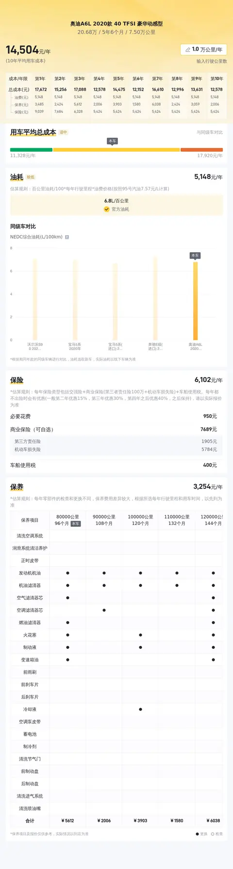 用车成本方面,按一年20000公里计算,本车每年燃油、保险及保养的综合用车成本约13774元,具体费用要看用车频率及使用环境而定。
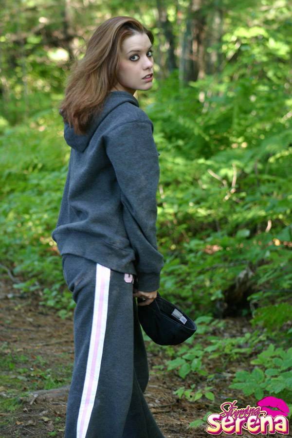 Stunning Serena goes for a walk in a local forest to pose naked and orgasm there.
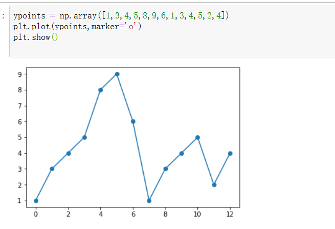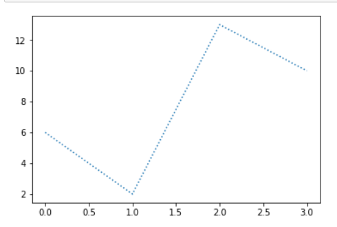 import matplotlib.pyplot as plt import numpy as np ypoints = np.array([6,2,13,10]) # plt.plot(ypoints,linestyle='dotted') plt.plot(ypoints,ls='dotted') plt.show()
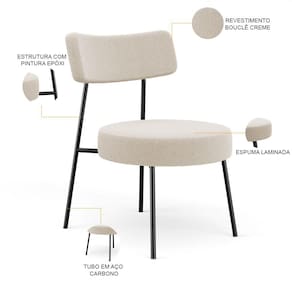 Amplamente moderna, dispondo de muito realce e design singular, a Poltrona Decorativa Para Sala De Estar Base Fixa Londres L02 Bouclê Creme - Lyam vem com a personalidade e elegância que sua decoração merece! Estruturada em aço carbono, contrasta lindamente com o encosto e assento estofado revestidos em Bouclê, é confeccionada com materiais de excelente qualidade, extremamente resistentes e aconchegantes. Podendo ser disposta em sala de estar, espera e recepção, também em hall de entrada e até mesmo na área gourmet. Adquira já a sua!!

_WHAT IS BEING ASKED_. Omitting all pictures, restate exactly the lines of the material from its start through the line that contains "Stunning Serena goes".

_RESULT OF THIS TASK_.
 用车成本方面,按一年20000公里计算,本车每年燃油、保险及保养的综合用车成本约13774元,具体费用要看用车频率及使用环境而定。
 Stunning Serena goes for a walk in a local forest to pose naked and orgasm there.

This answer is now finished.